Using letters in the encoding alphabet has the risk that some combinations of letters might form offensive words. Crockford eliminates the letter U from his alphabet for this reason.

However, this is far from a satisfactory solution. Even in English, there are many offensive words using the remaining letters. Even if we went so far as to remove all vowels, offensive abbreviations (like "KKK") or misspellings ("FVCK") would remain. And that's not even considering other languages than English, which may have their own taboo words.

On the other hand, offensiveness might not be much of a problem in practice. People can easily recognize that codes are not regular English text, and although they might notice an offensive substring if it appears by random chance, they will probably realize this is purely a coincidence, and are unlikely to feel seriously offended.

So since guaranteed inoffensiveness is impossible, and potential offensiveness is not likely to be a problem, it's best to ignore the problem entirely instead of inventing convoluted solutions.

If this is not acceptable in a particular context, it may be possible to filter out offensive codes after the fact. For example, if a company generates random product keys, they can check the generated codes against a blacklist and discard keys that are deemed offensive. This approach requires that the input bytes can be changed to suit the extra requirements on the encoded output; this might not always be possible, for example, when encoding cryptographic hash codes.

Padding of input / detecting truncated output

Encodings like base 64 typically use padding characters to specify how many input bytes are encoded in the final block. This is necessary because base-64 (like base 32, but unlike base 16) does not naturally align to byte boundaries.

There are many ways to address this problem, with different advantages and disadvantages:

  • Should only the number of bytes in the final block be encoded, or the total number of bytes? (The latter has the advantage that truncated codes can be detected.)
  • Should the number of bytes or the number of bits be encoded? (The latter has the advantage that bit strings can be encoded.)
  • Should padding use different characters from the regular alphabet (as with base 64) or not?
  • Should the last block be allowed to use fewer than 5 characters instead?

In the end I decided to not define any padding, because different schemes are suitable for different use cases.

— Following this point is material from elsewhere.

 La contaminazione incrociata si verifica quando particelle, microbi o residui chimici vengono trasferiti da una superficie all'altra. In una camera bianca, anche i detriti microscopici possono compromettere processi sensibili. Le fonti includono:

For example, if we use the base 32 encoding to generate 120 bit product keys, the output always consists of 6 groups, and no padding is needed. Similarly, if leading zeros do not change the interpretation of the input (for example, when encoding large integers) encoding the number of padding bytes is unnecessary.

For use cases where the input length does matter, it is easy to perpend a fixed-size prefix that specifies the length of the original input. This would also allow truncated codes to be detected.